O “memorial” caracteriza-se por evocar o fato passado, tornando-o presente em cada geração. Por isso, o mistério pascal, que recorda e realiza a libertação de outras formas de escravidão do homem, tampouco é apenas a evocação histórica da morte de Jesus e a afirmação de nossa fé em sua ressurreição, mas sim, ao mesmo tempo, é essa morte e essa ressurreição atuando hoje no seio da comunidade e do pecado que operam sobre ela. A celebração desse mistério assegura, além disso, a continuidade da ação libertadora e salvadora de Deus, por meio de Cristo, ao longo dos séculos. Por isso, o significado da Eucaristia não se esgota nem com a evocação do acontecimento pascal, nem com sua atualização; tem também uma projeção para o futuro dos amanhãs sucessivos e para o futuro indeterminado e desconhecido do retorno de Cristo. Eis a aclamação: “Anunciamos vossa morte, proclamamos vossa ressurreição. Vinde Senhor Jesus!”.

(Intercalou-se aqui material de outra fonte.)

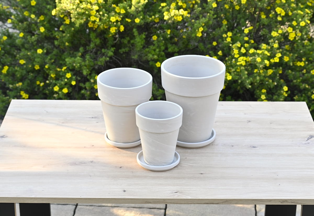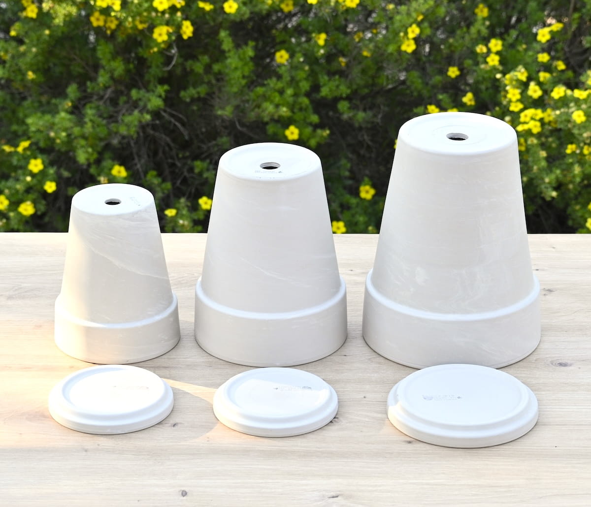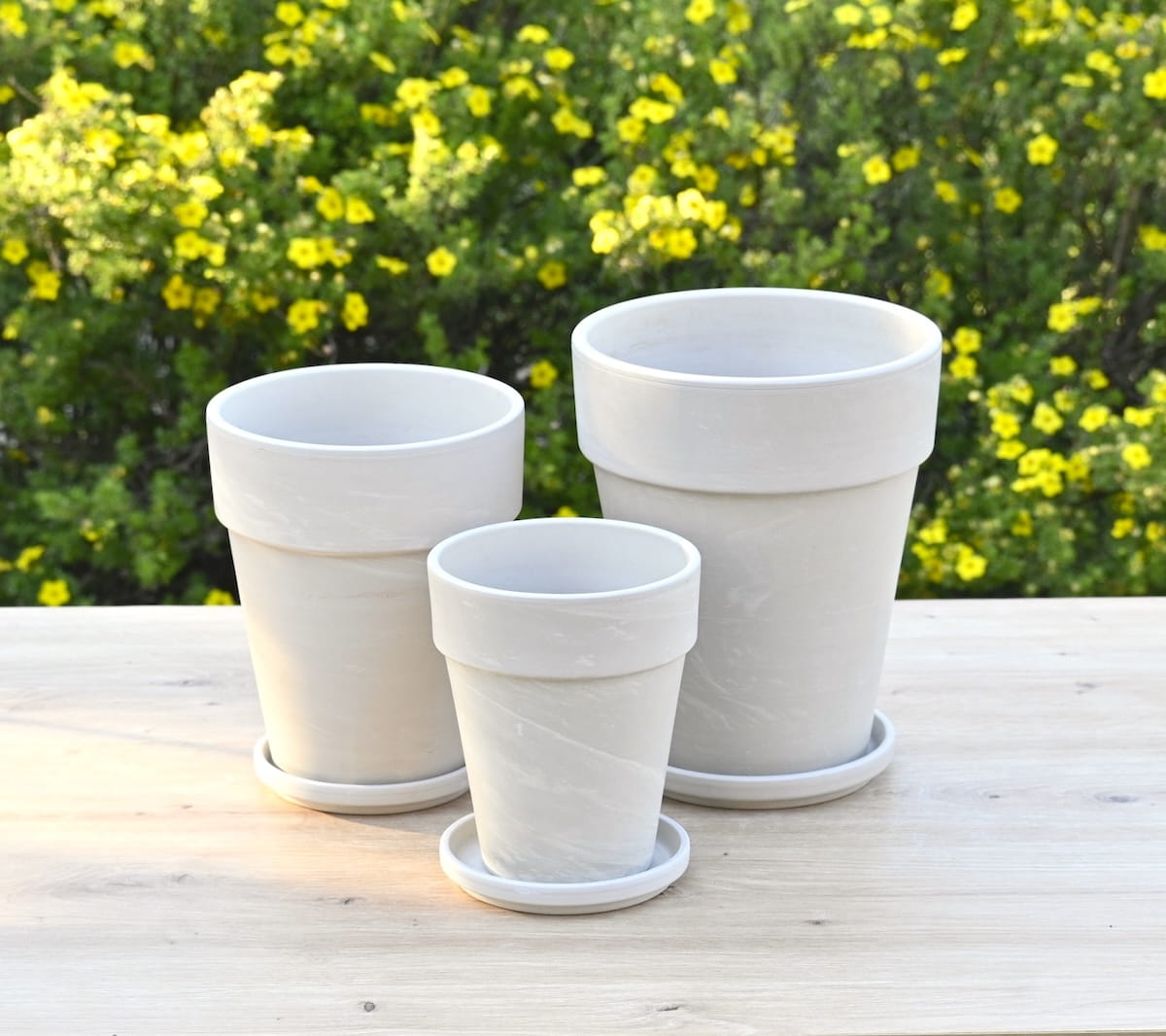 - zestaw składa się z trzech doniczek Terakota Granit XL o średnicach: 12 cm, 15 cm oraz 17 cm oraz odpowiednio dobranych podstawek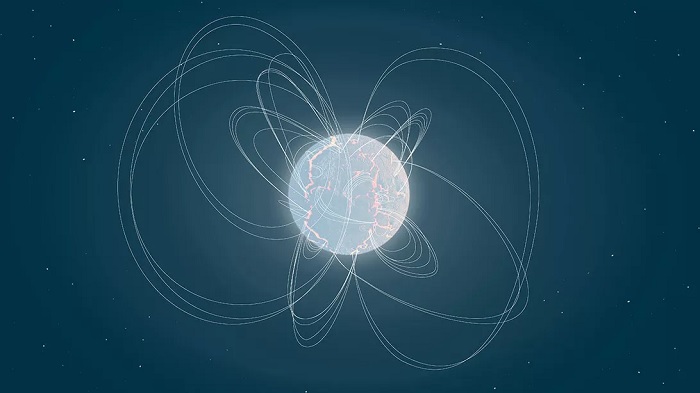 作为具有极强磁场的稀有中子星(巨大恒星的坍塌核),其在坍塌时将大量物质挤压到了一个极小的空间中,从而引发了许多奇怪的物理现象。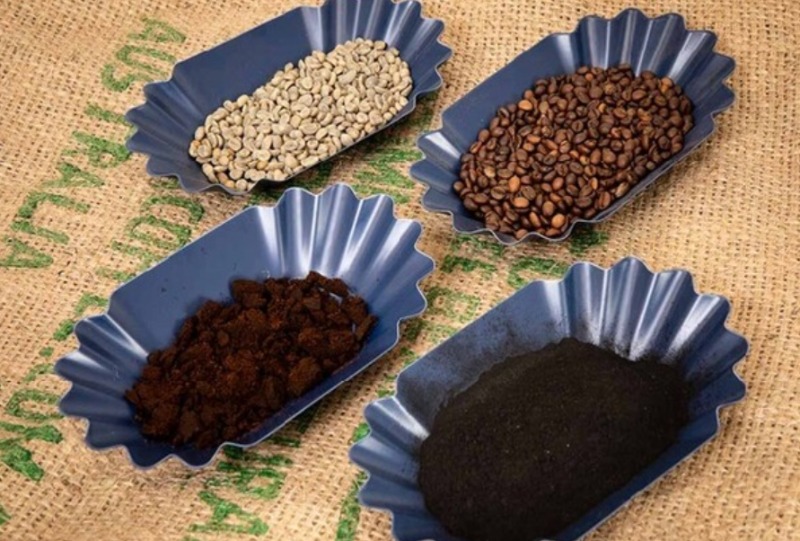 (왼쪽 위로부터)볶지 않은 커피 원두와 볶은 커피 원두, 원두 찌꺼기 및 연구팀의 커피 바이오 숯 샘플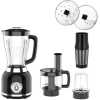 【Muti-function Blender and Food Processor】Chopping , blending, grinding ,filtering,4 in 1 Multi-function food processor blenders. 4 different containers and 3 types of blades,you can use it to make smoothies, milkshakes, fruit juices, vegetable juices, pesto, sauces, minced meat, peanut butter, almond/soy milk, coffee powder, spice powder, baby food etc.You can enjoy freshly ground coffee/juice at home, and as a little helper to your cooking, so you can save more money and time in kitchen ! 【Big capacity with filter & Easy clean 】All parts of this grinder and mixer for kitchen are removable and easy to assemble and clean. The bottom four corners are installed with anti-skid silicone pad, stable without displacement, , reduce resonance. Big capacity with filter ,1.8L blending cup+1.0L chopper jar +0.6L grinding jar. This Ice crusher blender built-in filter, Juice is filtered without residue. 【Powerful motor &Safety protection】The food processor blender with 2 level adjustable speed ,pure copper motor, strong power,long service life, with motor overheating protection, overheat automatic stop working. When the cup separated from the machine ,the machine will stop working,which is very safe .Multiple heat dissipation system, porous heat dissipation setting can discharge heat to extend the working life of the motor. 【Food grade Material】The countertop blenders with upgraded 304 three-dimensional 6 blades, fast blending to make the juice more delicate. 304 Three-dimensional grinding 4 blades, grinding powder fine and more delicious. The cup body is made of transparent food grade PC material, which is unbreakable and durable. 【Ideal gift 】Our blender for shakes and smoothies with gift package and it is an elegant Ideal gift for any occasion, best choice for birthday, Christmas, Thanksgiving,Mother’s Day,Housewarming . 【Different occasion needs】: multi-functional food processor, baby complementary food machine, meat crusher, grain beans coffee grinder, ice crusher, vegetable and fruit blender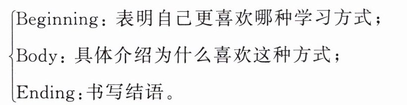 1.审题:本篇写作的主题与学习方式有关,要求从表格中选取一种你喜欢的学习方式,并根据提示内容进行写作,适当添加细节,并突出写作重点。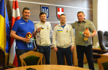 Начальник Волинської ОВА Юрій Погуляйко та голова обласної ради Григорій Недопад зустрілися із волинськими спортсменами-дефлімпійцями, які здобули першість у ХХІV літніх Дефлімпійськіх іграх 2022 та їх тренарами

            Tudo naquele noite foi sendo relacionado com sua própria morte, tão próxima, e também com a vinda do reino de Deus que, por meio dela, iria estabelecer-se, de modo definitivo, no mundo. Nossa Páscoa, a que celebramos no “dia do Senhor” adquire, por isso, seu pleno significado quando em nosso hoje realizamos o que Jesus fez e nos mandou fazer, com a mesma intenção dele, mas projetando nosso desejo e nossa esperança quanto ao banquete escatológico, prometido por Jesus, consumação de nossa libertação e salvação.

            Se seguimos com atenção todos os passos, as ações, os gestos e as palavras de Jesus na ceia da Páscoa, ratificados depois por sua morte e ressurreição, compreenderemos as exigências que tem para os cristãos, como indivíduos e como sociedade, a celebração da Eucaristia. Essa celebração supõe que, entre os discípulos de hoje, como entre os de ontem, não podem existir discussões, intrigas ou traições para impor-se aos demais, para dominá-los, para ser os primeiros; nem pode haver, como tem ocorrido, inclusive em nossos dias, obscuras maquinações para erguer-se com o poder, político ou religioso, para chegar a ser uma personalidade ou grandes senhores como os poderosos do mundo.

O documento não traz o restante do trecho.